Software mechanisms . In the URI, look for "cgi", "exec" and other terms that scream "look at what software we are using." Anyone want to devote their whole life to Perl CGI scripts? No? Then remove the .pl extension. Read the server manual on how to do this.
Disk name. Come on! But I've seen that.

So the best example from our site is simply

http://www.w3.org/1998/12/01/chairs

… A report of the minutes of the meeting of the W3C chairs.

Topics and classification by topic

I'll go into more detail about this danger, as it is one of those things that are most difficult to avoid. Typically, topics end up in URIs when you categorize your documents by work in progress.
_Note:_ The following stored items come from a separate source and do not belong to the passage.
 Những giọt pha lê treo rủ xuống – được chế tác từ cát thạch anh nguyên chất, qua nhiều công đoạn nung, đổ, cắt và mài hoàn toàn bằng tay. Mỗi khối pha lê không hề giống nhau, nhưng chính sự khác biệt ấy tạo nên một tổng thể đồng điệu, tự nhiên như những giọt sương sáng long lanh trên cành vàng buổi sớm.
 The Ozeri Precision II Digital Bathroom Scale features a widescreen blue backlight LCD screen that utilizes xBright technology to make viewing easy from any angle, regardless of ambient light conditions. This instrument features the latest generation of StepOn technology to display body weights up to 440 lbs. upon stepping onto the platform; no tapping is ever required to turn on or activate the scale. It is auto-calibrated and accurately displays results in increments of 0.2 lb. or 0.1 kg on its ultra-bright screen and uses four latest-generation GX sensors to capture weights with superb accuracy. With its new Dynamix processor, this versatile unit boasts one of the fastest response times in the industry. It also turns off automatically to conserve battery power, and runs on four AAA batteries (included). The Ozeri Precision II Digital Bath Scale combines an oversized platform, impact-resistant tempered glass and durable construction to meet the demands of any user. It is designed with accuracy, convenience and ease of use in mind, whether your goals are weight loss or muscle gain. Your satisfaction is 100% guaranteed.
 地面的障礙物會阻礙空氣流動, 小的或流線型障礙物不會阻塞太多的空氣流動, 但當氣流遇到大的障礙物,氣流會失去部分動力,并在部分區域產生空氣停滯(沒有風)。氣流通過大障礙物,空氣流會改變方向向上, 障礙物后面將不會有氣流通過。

But this breakdown will change over time. The area names will change. At the W3C, we wanted to change MarkUP to Markup and then HTML to reflect the actual content of the section. Also, the namespace is often flat. After 100 years, are you sure you won't want to reuse anything? In our short life, we already wanted to reuse "History" and "Style Sheets", for example.
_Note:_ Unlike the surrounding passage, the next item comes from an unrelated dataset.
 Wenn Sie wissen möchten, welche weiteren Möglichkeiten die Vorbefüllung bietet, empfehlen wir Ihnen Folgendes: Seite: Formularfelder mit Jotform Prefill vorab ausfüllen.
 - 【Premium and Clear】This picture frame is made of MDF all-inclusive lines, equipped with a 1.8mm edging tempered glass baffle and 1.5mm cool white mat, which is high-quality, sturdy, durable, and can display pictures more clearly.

It's a tempting way to organize a website - and a really tempting way to organize anything, including the entire Web. This is an excellent mid-term solution, but it has serious drawbacks in the long term.

Part of the reason lies in the philosophy of meaning. Each term in the language is a potential clustering object, and each person may have a different idea of what it means. Since the relationship between subjects is more like a spider web than a tree, even those who agree with the cobweb can choose a different representation of the tree. These are my (often repeated) general remarks about the dangers of hierarchical classification as a general solution.

In fact, when you use a topic name in a URI, you are tying yourself to some sort of classification. You may choose a different option in the future. Then the URI will be subject to violation.

The reason for using a subject area as part of a URI is that responsibility for sub-sections of a URI space is usually delegated, and then you need the name of the organizational body — a unit, group, or whatever — that is responsible for that subspace. This is the binding of the URI to the organizational structure. It is usually only safe when the URI further down (left) is protected by a date: 1998 / pics could mean to your server “what we meant in 1998 by pics” rather than “what we did with what we now call pics. "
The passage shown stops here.